If you’re reading this, you either clicked from Facebook or have been following my blog for some time. Either way, there’s something I want to tell you.
I have a love-hate relationship with beginning again.
Beginning again is great. It is certainly way better than quiting. But on dark days, beginning again makes me feel like a failure because it means that for the nth time, I started something and then failed to keep up with it.
Take lettering, for example. I started lettering because I want to have a diversion from my 8-to-5 desk job. It wasn’t really a passion, although I did develop an affinity to it. But as months went on, I found myself slowly losing the drive to pursue the craft. I tried picking up other outlets in the hopes of keeping myself relevant to the creative community — urban/travel sketching, graphic design, watercolor and charcoal painting — but like all things that came before them, I failed to follow through.
Or take this blog. I thought things would be different if I get my own hosting and domain, as if shelling out money would suddenly make me more productive in blogging.

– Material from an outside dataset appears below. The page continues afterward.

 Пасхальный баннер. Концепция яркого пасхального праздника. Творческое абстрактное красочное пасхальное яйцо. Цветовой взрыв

I’m an owner of a dot-com address for seven months already, but I only managed to write 18 entries. Pathetic.
I’m telling you all this because you followed me for a reason, and I’m not delivering. Frankly, you deserve more content. I know you do. But I created my social media presence on the back of being an “artist.” Now that I couldn’t identify with being an artist anymore, I’m no longer sure what to post about.
I hate to disappoint you, but I may have to shred the ‘artist’ label for a while. I cannot give that word justice right now. I have some friends who are already flying with well-earned artist wings and I feel both proud and envious of them, but I cannot join the flight as of yet.

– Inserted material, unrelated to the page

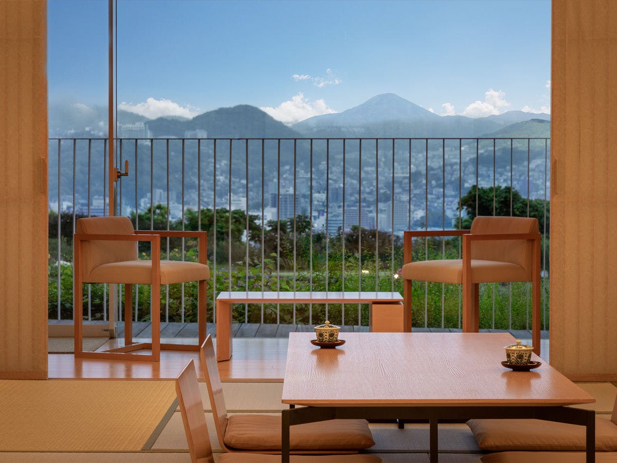 ホテルの客室は全室オーシャンビュー、世界新三大夜景にも選出された長崎の夜景が眼下に広がります。長崎駅から車で10分、稲佐山の中腹に位置するロケーションで、非日常感あふれるリゾート時間をご堪能できます。

This meant disaster for the social media following I’ve built, especially on Instagram. But I don’t want to give any more excuses. No more blaming artist’s block or busy work or mid-life crisis. I will, from now on, try to always speak my truth, and it is this: I began and then I failed, and as much as I hate beginning again, I know that it is the only sensible choice.
I’m restarting as Odee. Not Odee the hand letterer or sketcher or blogger — just Odee.